_TASK TO CARRY OUT_. Print again, word for word, all of the records below, and leave the pictures out.
::::::::
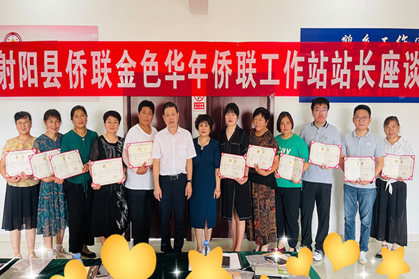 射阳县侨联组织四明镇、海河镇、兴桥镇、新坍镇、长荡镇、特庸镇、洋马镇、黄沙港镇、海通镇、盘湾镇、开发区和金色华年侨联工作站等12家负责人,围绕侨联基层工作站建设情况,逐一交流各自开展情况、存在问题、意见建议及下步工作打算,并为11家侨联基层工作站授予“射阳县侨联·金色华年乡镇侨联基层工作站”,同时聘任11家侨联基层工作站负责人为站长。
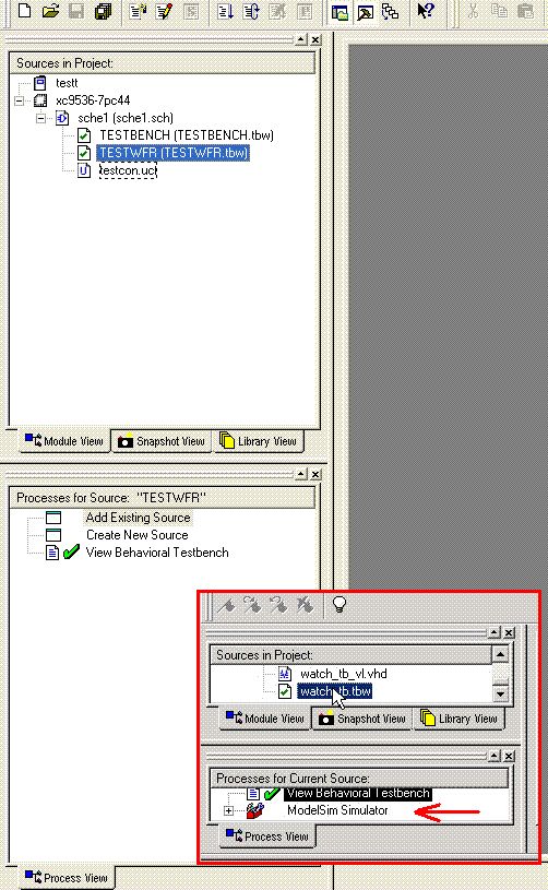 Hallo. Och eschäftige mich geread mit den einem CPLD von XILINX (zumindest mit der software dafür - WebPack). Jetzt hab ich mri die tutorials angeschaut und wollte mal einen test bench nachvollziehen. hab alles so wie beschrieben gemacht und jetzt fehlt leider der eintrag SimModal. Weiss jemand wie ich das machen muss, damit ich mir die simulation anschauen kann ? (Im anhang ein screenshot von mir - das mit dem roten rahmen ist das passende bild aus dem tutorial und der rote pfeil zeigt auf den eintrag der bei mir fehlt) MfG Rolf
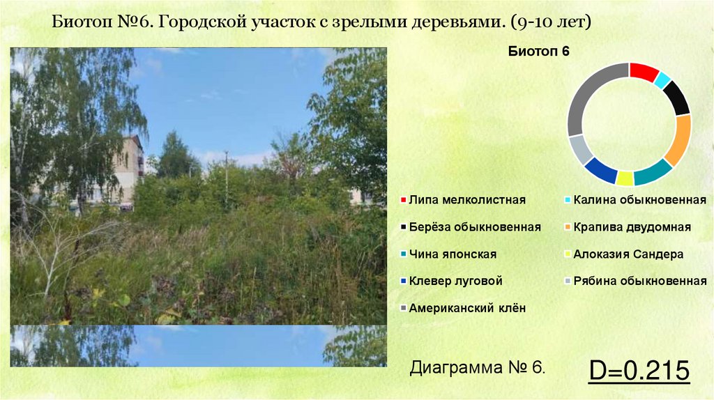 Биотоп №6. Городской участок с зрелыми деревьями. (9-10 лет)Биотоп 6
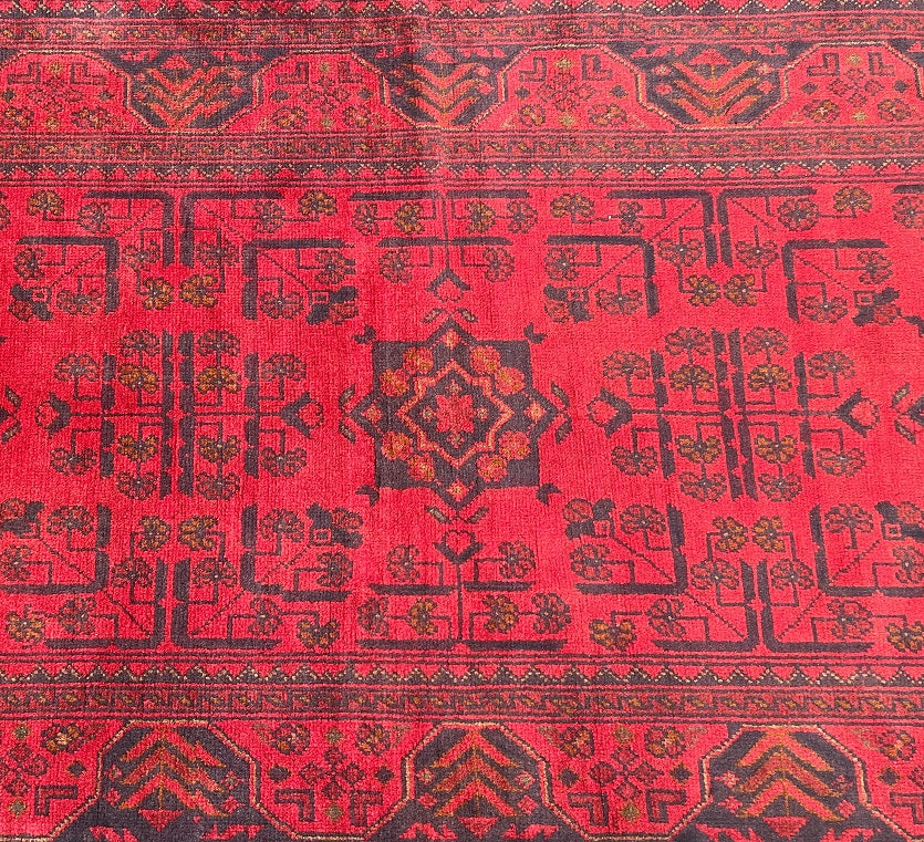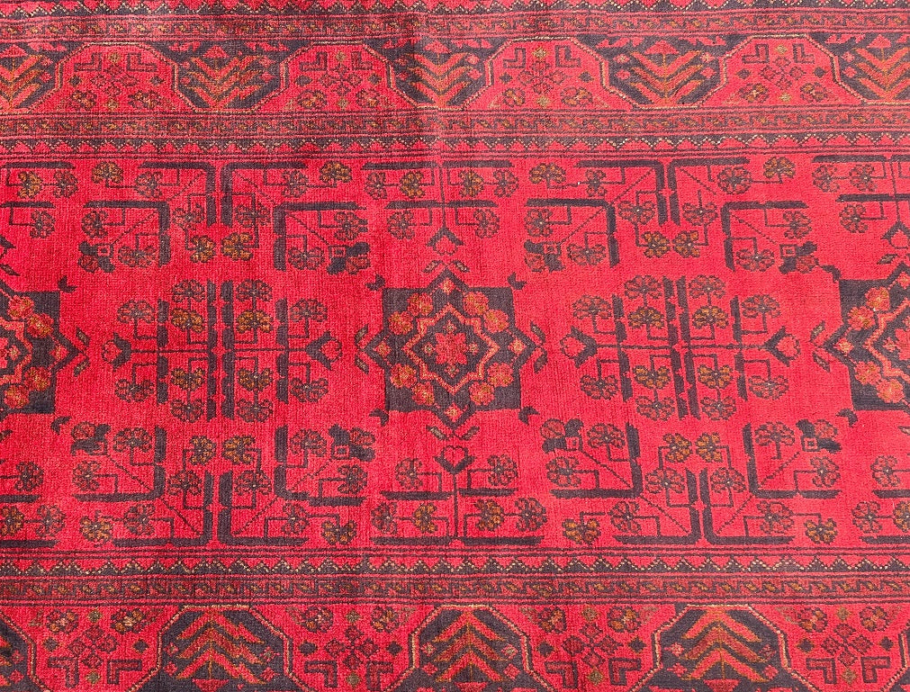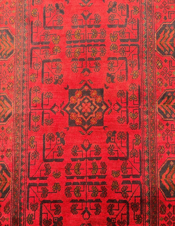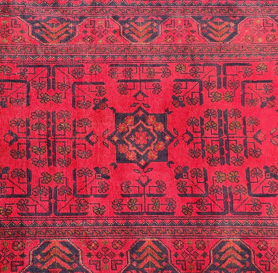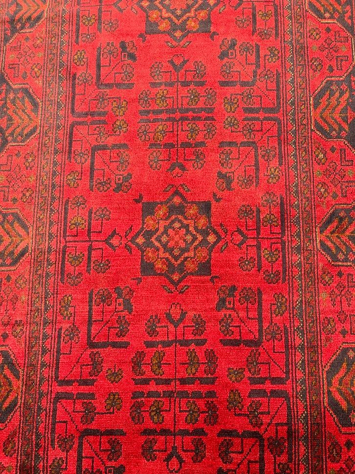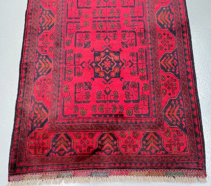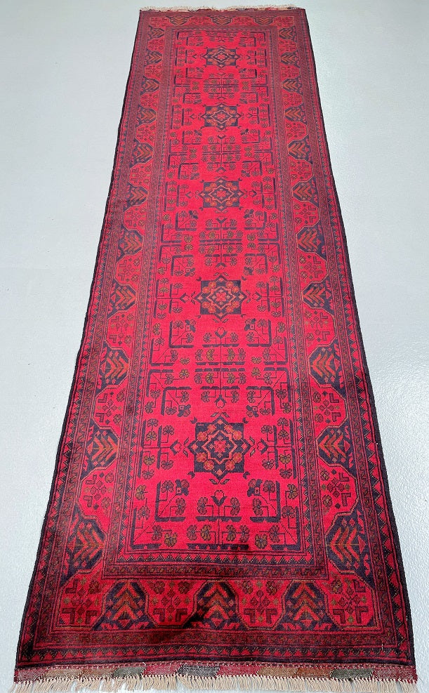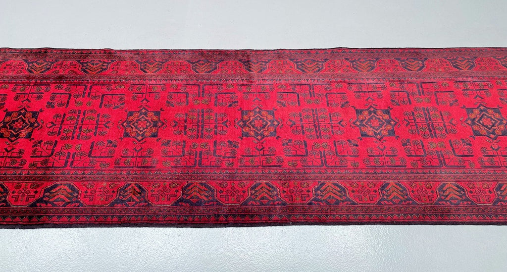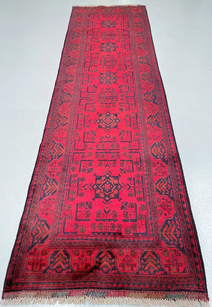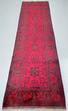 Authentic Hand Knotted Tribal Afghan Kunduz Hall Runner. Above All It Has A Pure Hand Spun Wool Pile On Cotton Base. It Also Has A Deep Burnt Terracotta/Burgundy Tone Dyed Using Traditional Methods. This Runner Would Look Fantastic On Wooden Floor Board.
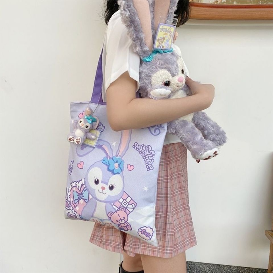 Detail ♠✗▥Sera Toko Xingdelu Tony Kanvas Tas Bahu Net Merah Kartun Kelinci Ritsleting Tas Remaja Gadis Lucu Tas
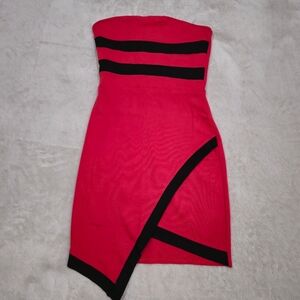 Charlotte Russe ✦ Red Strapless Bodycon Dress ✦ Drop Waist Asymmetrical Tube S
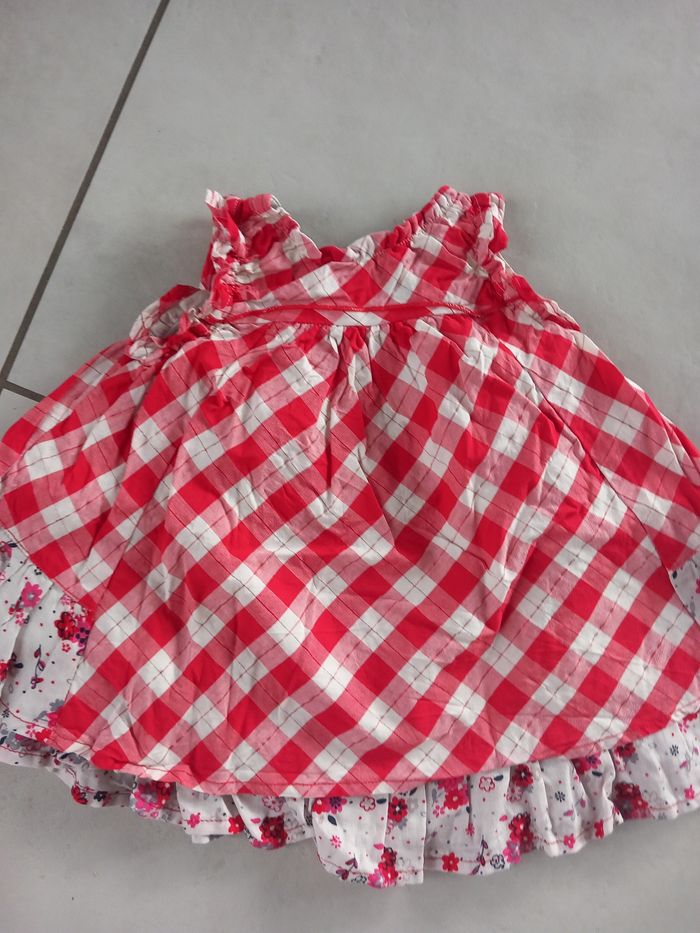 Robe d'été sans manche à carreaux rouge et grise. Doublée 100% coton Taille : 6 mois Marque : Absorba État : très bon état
::::::::
_ANSWER AREA_.
 射阳县侨联组织四明镇、海河镇、兴桥镇、新坍镇、长荡镇、特庸镇、洋马镇、黄沙港镇、海通镇、盘湾镇、开发区和金色华年侨联工作站等12家负责人,围绕侨联基层工作站建设情况,逐一交流各自开展情况、存在问题、意见建议及下步工作打算,并为11家侨联基层工作站授予“射阳县侨联·金色华年乡镇侨联基层工作站”,同时聘任11家侨联基层工作站负责人为站长。
 Hallo. Och eschäftige mich geread mit den einem CPLD von XILINX (zumindest mit der software dafür - WebPack). Jetzt hab ich mri die tutorials angeschaut und wollte mal einen test bench nachvollziehen. hab alles so wie beschrieben gemacht und jetzt fehlt leider der eintrag SimModal. Weiss jemand wie ich das machen muss, damit ich mir die simulation anschauen kann ? (Im anhang ein screenshot von mir - das mit dem roten rahmen ist das passende bild aus dem tutorial und der rote pfeil zeigt auf den eintrag der bei mir fehlt) MfG Rolf
 Биотоп №6. Городской участок с зрелыми деревьями. (9-10 лет)Биотоп 6
 Authentic Hand Knotted Tribal Afghan Kunduz Hall Runner. Above All It Has A Pure Hand Spun Wool Pile On Cotton Base. It Also Has A Deep Burnt Terracotta/Burgundy Tone Dyed Using Traditional Methods. This Runner Would Look Fantastic On Wooden Floor Board.
 Detail ♠✗▥Sera Toko Xingdelu Tony Kanvas Tas Bahu Net Merah Kartun Kelinci Ritsleting Tas Remaja Gadis Lucu Tas
 Charlotte Russe ✦ Red Strapless Bodycon Dress ✦ Drop Waist Asymmetrical Tube S
 Robe d'été sans manche à carreaux rouge et grise. Doublée 100% coton Taille : 6 mois Marque : Absorba État : très bon état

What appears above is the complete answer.